今日の日経新聞の一面に出ていましたが、八重洲のパシフィックセンチュリープレイス(PCP)
の売買が成立した模様です。
価格は1400億円。
買主は、セキュアードキャピタル。
昨年の丸の内AIU本社ビル(1000億円)以来の久しぶりの大型取引です。
このビル、3年前にダヴィンチが2000億円で取得して話題になり、今年9月末日の償還期限に
返済できず、シニアローンを出していた銀行(新生銀行)管理下になっていた案件です。
取得当時のNOIが2.5%ですから、賃料が同額とすればNOI3.57%となります。

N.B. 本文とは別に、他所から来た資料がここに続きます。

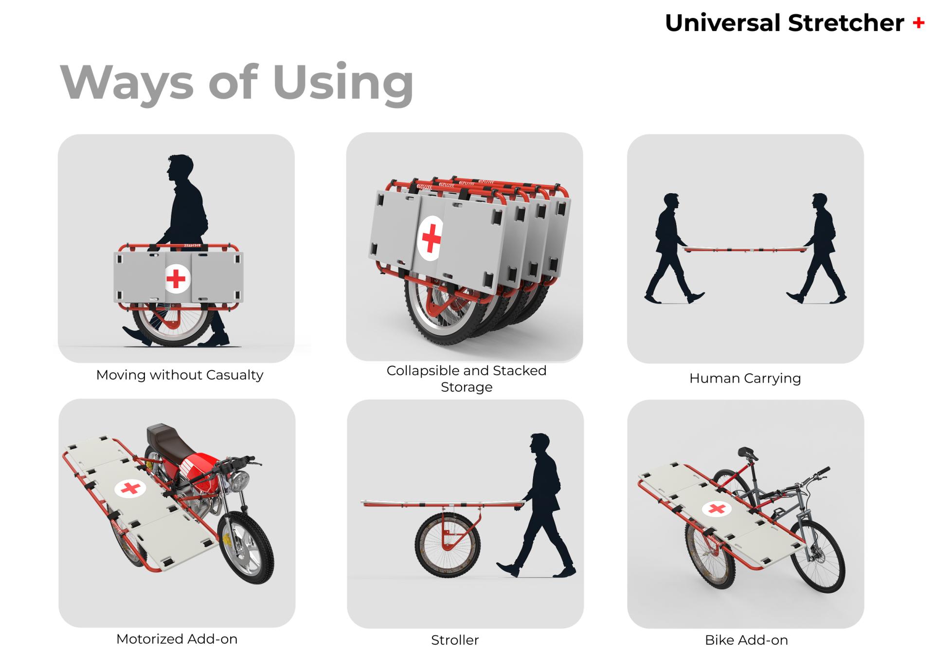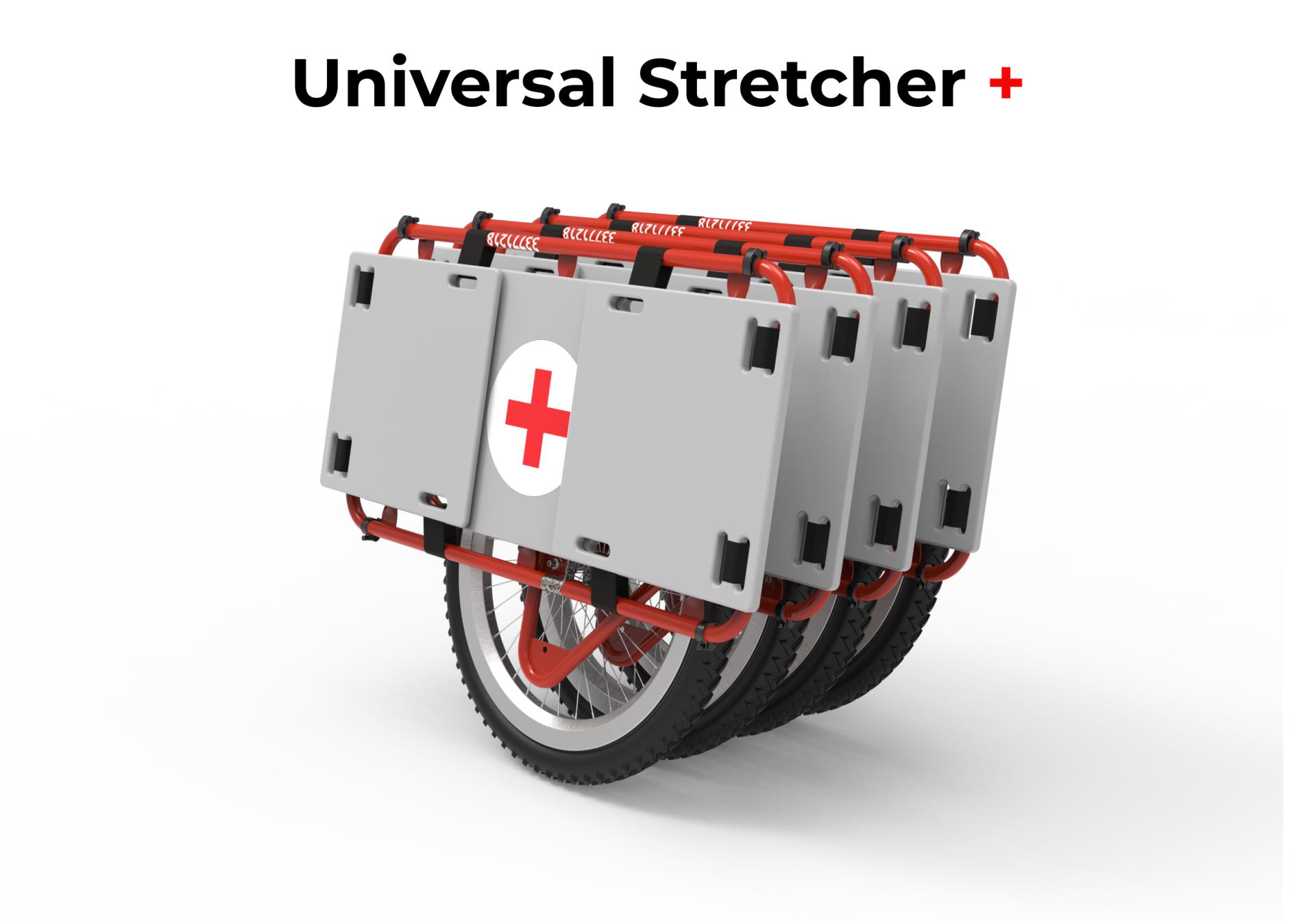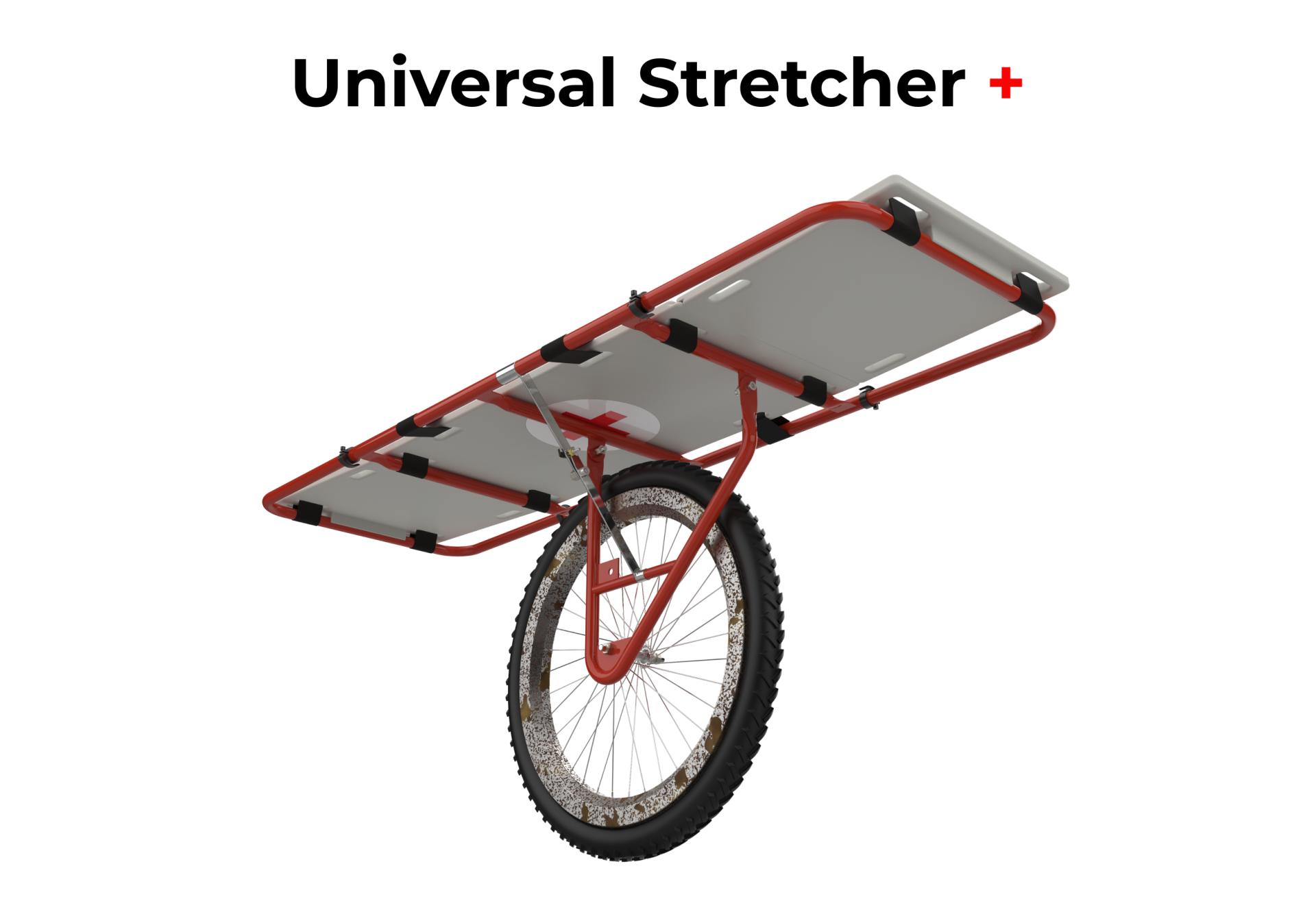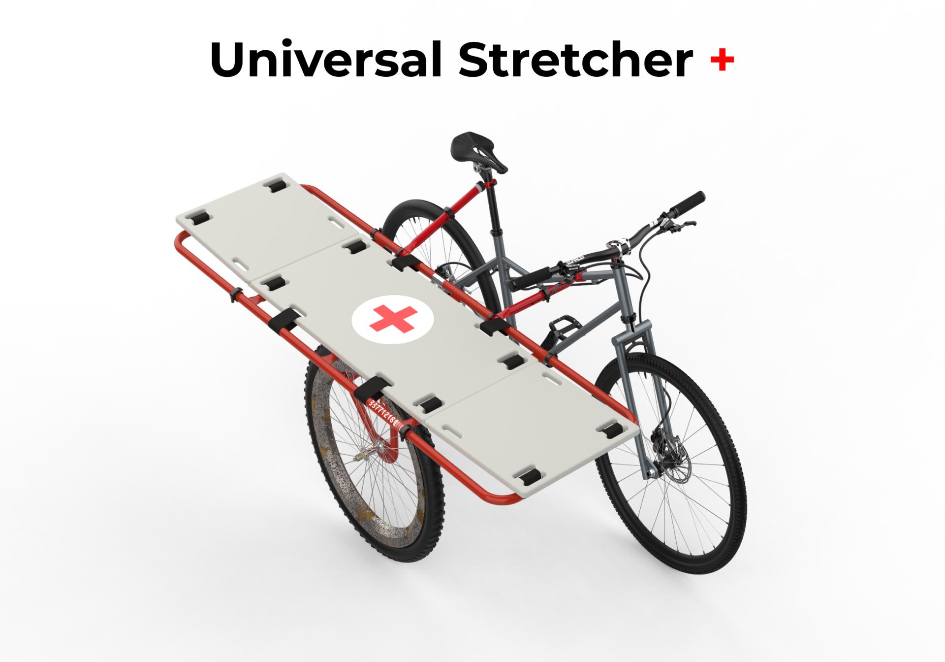 Unlike traditional stretchers that require trained teams and full-size vehicles, Universal Stretcher mounts directly onto bicycles and motorcycles using simple clamp attachments. It can also be folded out for manual carrying by two people or used as a wheeled trolley. The design enables a single rescuer to deploy it in seconds—even without formal training.

しかし、おそらく賃料は下落していますので、NOI3%くらいのイメージでしょうか。
私の感じとしては、思ったより高いなというのが正直な感想です。
1200億円で買いが入っているということは聞いていましたが、決まった値段は200億円UP.
思ったよりは良い値段です。
東京駅徒歩1分ですので、立地は申し分ないでしょうし、他にこのクラスの優良ビルが少ないのも
事実です。
しかし、この取引をもって不動産市況が回復していくのでは?という論調には否定的です。
この取引は、例外と見るのが妥当でしょう。
なぜならお金が出ないからです。
金融機関の貸し渋りは日に日にひどくなっているのが実情です。
不動産価格は、基本的には資金の量と比例していきますので、資金が絞られている現在は
どちらかというと価格は下がる方向です。